Write out the opening lines of the data word for word, up to and including the line with "B26 westbound stop", and leave every picture and every later line out.

Stored dataset items:
■ ■ ■ ■ ■ ■ ■

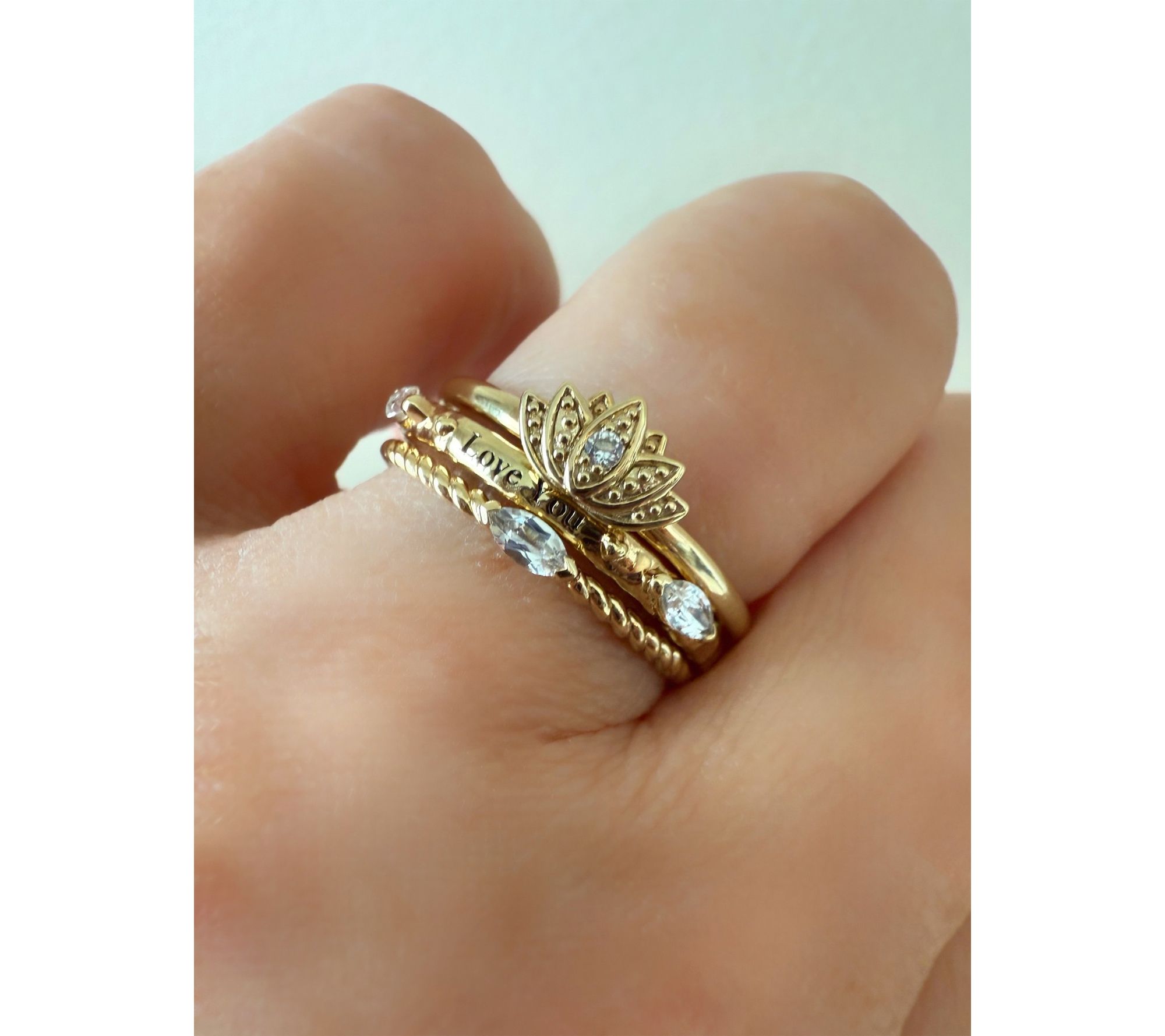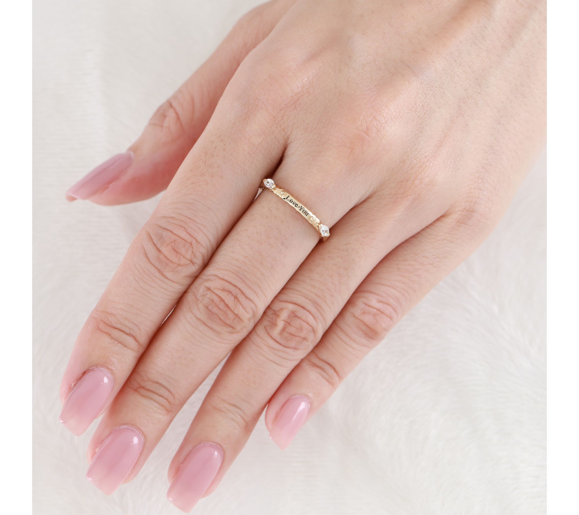 "Love You" inscription; stackable design; polished finish
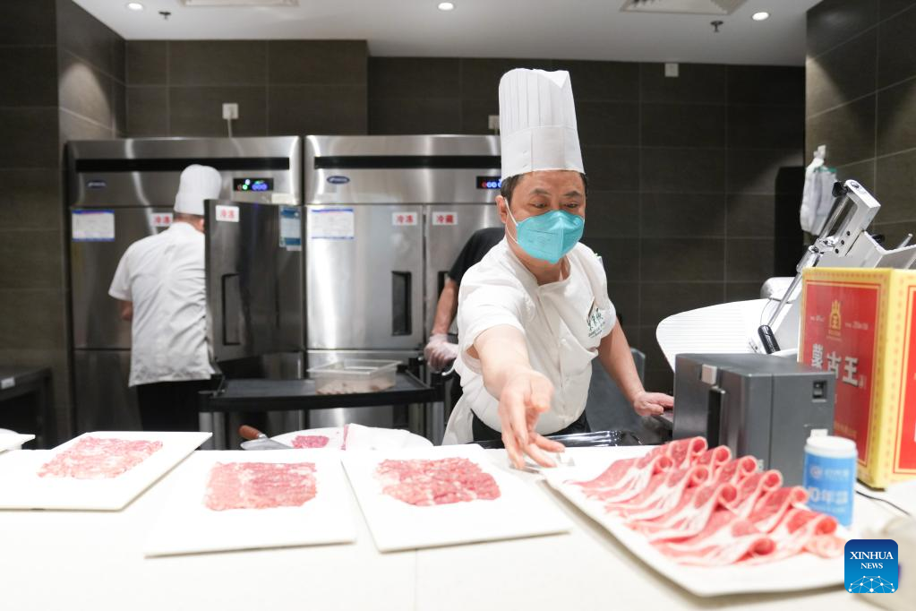 Chef Feng Bingshan (front) slices meat for the first customers at a restaurant on the first working day after the Spring Festival holiday in Beijing, capital of China, Jan. 28, 2023. Saturday marked the first day of work after the Spring Festival holiday in China. (Xinhua/Ju Huanzong)
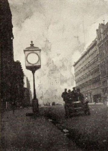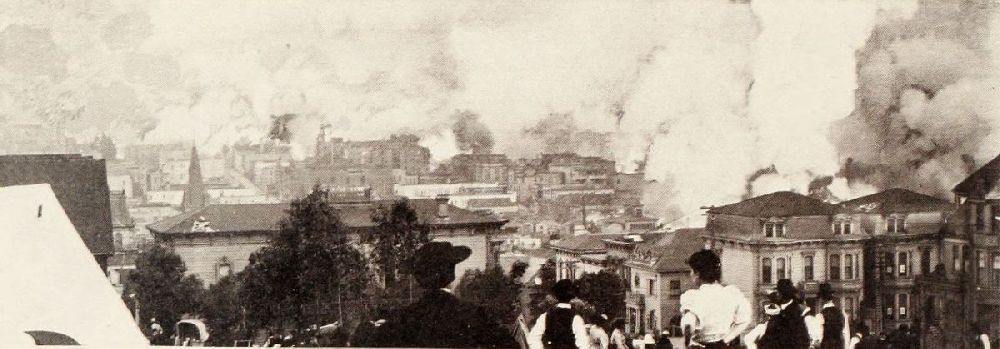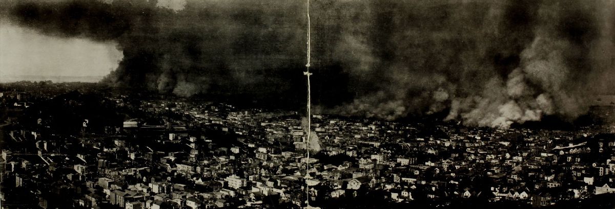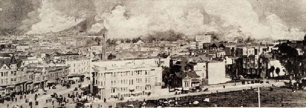 Hardly had the mighty tremblor ceased its gyrations when innumerable fires broke out among the chaotic ruins, having caught from engine furnaces, broken electric wire conduits and spontaneous combustion, fed by the most inflammable of materials and fanned by a stiff breeze from the bay, grew and spread into what shortly became the most stupendous and widespread, as well as awe-inspiring conflagration, which any people of the eighteenth or nineteenth century have ever as yet looked upon or flown from. Had the water mains not have been ruptured, the splendid San Francisco fire department might have been able to cope with these many outbursts of flame at their inception, but deprived of water in the mains, they nobly fought the appalling[Pg iv] flames by pumping water from the bay at as many places as length of hose and their engines’ ability would permit; but their efforts to stay the onrushing, wide-spreading flames proved as a match’s flicker before a whirlwind.
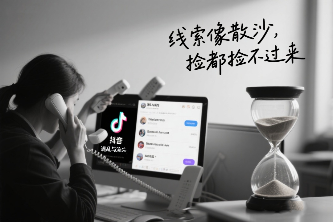 线索像“散沙”,捡都捡不过来:官网表单堆在后台没人及时看,抖音私信藏在几百条评论里,朋友圈广告引来的客户加了律师个人微信就“失联”——每月统计下来,近70%的线索要么没跟进,要么跟进时早被竞品截胡了。有次一个制造业老板从抖音私信问劳务纠纷,客服3天后才看到,人家早签了别家律所。
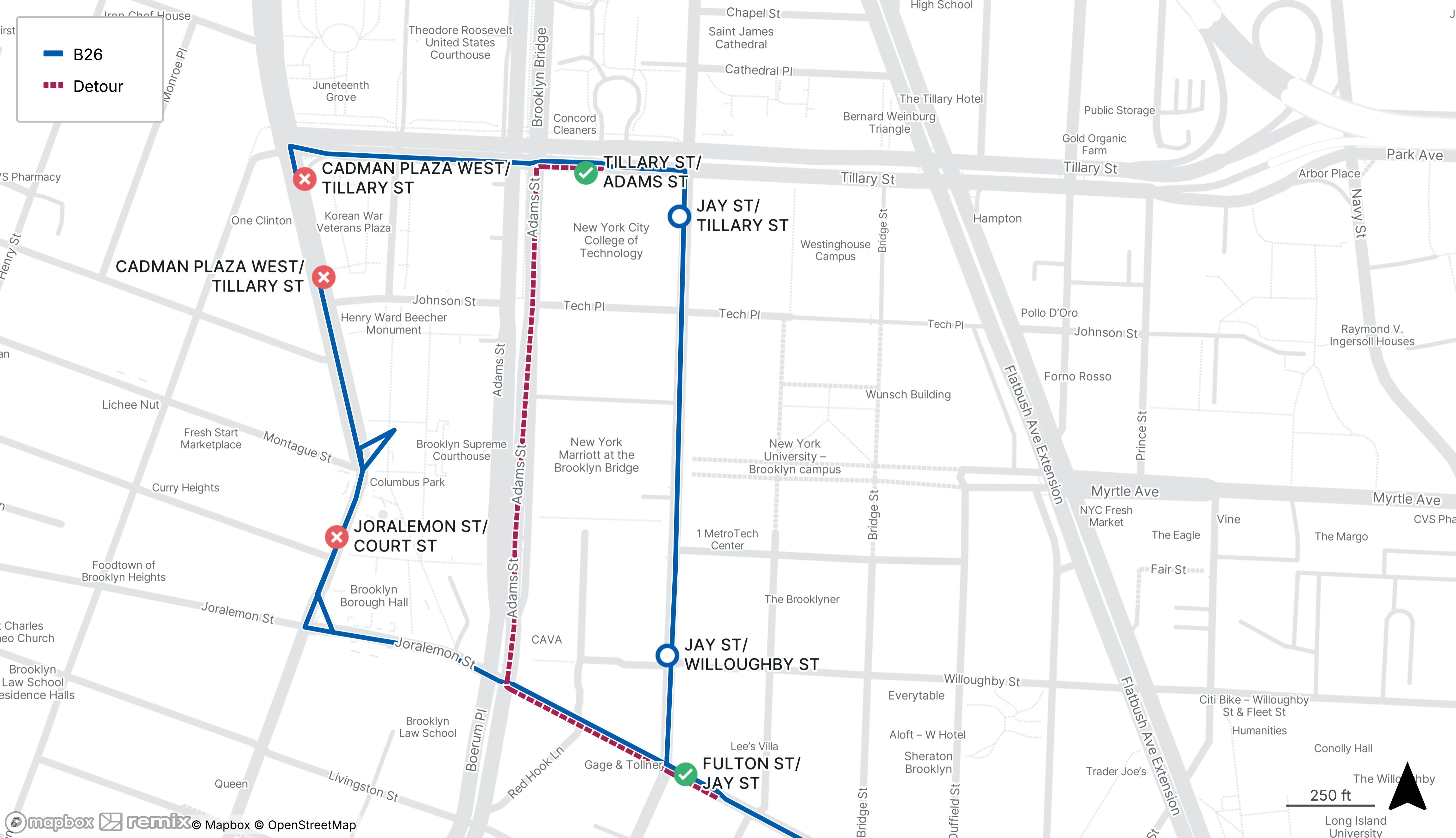 B26 westbound stop on Joralemon St at Court St and Cadman Plaza at Tillary St in both directions will be closed
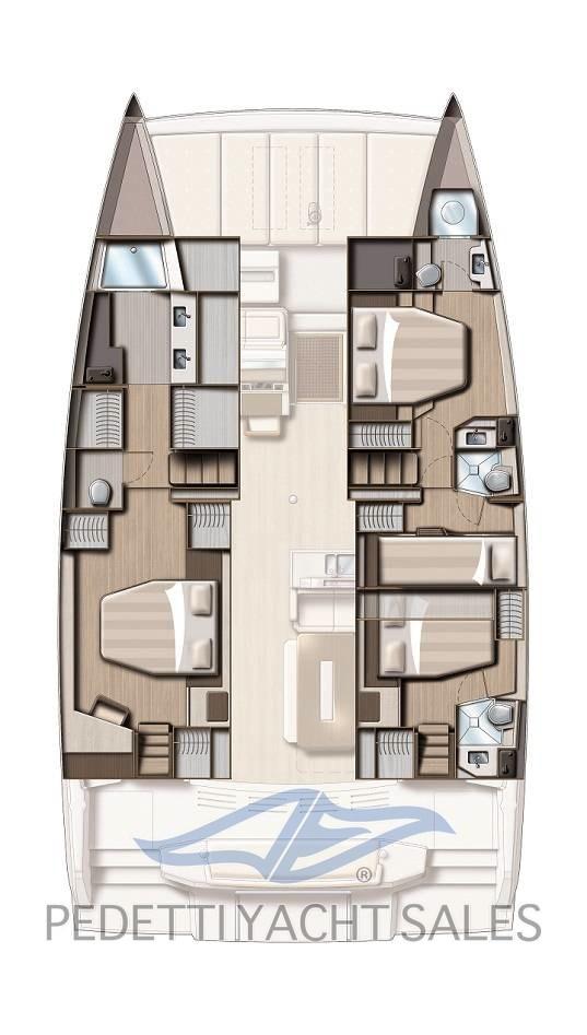 Alarme gaz, Alarme moteur, Alarme de pompe de cale, Eau sous pression, Passavant en teck, Douche de cockpit, Double barre à roue, Phares fixes arrière, Phare de poursuite, Bossoirs pour annexe, Lavabo dans le cockpit, Éclairage de courtoisie, Spots sous-marins, Plateforme arrière, Pompe de cale automatique, Pompe de cale manuelle, Porte latérale, Cockpit en teck, Prise de quai, Répétiteur électronique, Guindeau Hydraulique, Gréement Rod, Echelle de bain, Selles pour Annexe, table de cockpit, Table pliante de salon, Filières avec sortie latèrale, Corne, Winch, Winch électrique arrière, Winch électrique avant.

■ ■ ■ ■ ■ ■ ■

SOLUTION TO THIS EXERCISE:
 "Love You" inscription; stackable design; polished finish
 Chef Feng Bingshan (front) slices meat for the first customers at a restaurant on the first working day after the Spring Festival holiday in Beijing, capital of China, Jan. 28, 2023. Saturday marked the first day of work after the Spring Festival holiday in China. (Xinhua/Ju Huanzong)
 Hardly had the mighty tremblor ceased its gyrations when innumerable fires broke out among the chaotic ruins, having caught from engine furnaces, broken electric wire conduits and spontaneous combustion, fed by the most inflammable of materials and fanned by a stiff breeze from the bay, grew and spread into what shortly became the most stupendous and widespread, as well as awe-inspiring conflagration, which any people of the eighteenth or nineteenth century have ever as yet looked upon or flown from. Had the water mains not have been ruptured, the splendid San Francisco fire department might have been able to cope with these many outbursts of flame at their inception, but deprived of water in the mains, they nobly fought the appalling[Pg iv] flames by pumping water from the bay at as many places as length of hose and their engines’ ability would permit; but their efforts to stay the onrushing, wide-spreading flames proved as a match’s flicker before a whirlwind.
 线索像“散沙”,捡都捡不过来:官网表单堆在后台没人及时看,抖音私信藏在几百条评论里,朋友圈广告引来的客户加了律师个人微信就“失联”——每月统计下来,近70%的线索要么没跟进,要么跟进时早被竞品截胡了。有次一个制造业老板从抖音私信问劳务纠纷,客服3天后才看到,人家早签了别家律所。
 B26 westbound stop on Joralemon St at Court St and Cadman Plaza at Tillary St in both directions will be closed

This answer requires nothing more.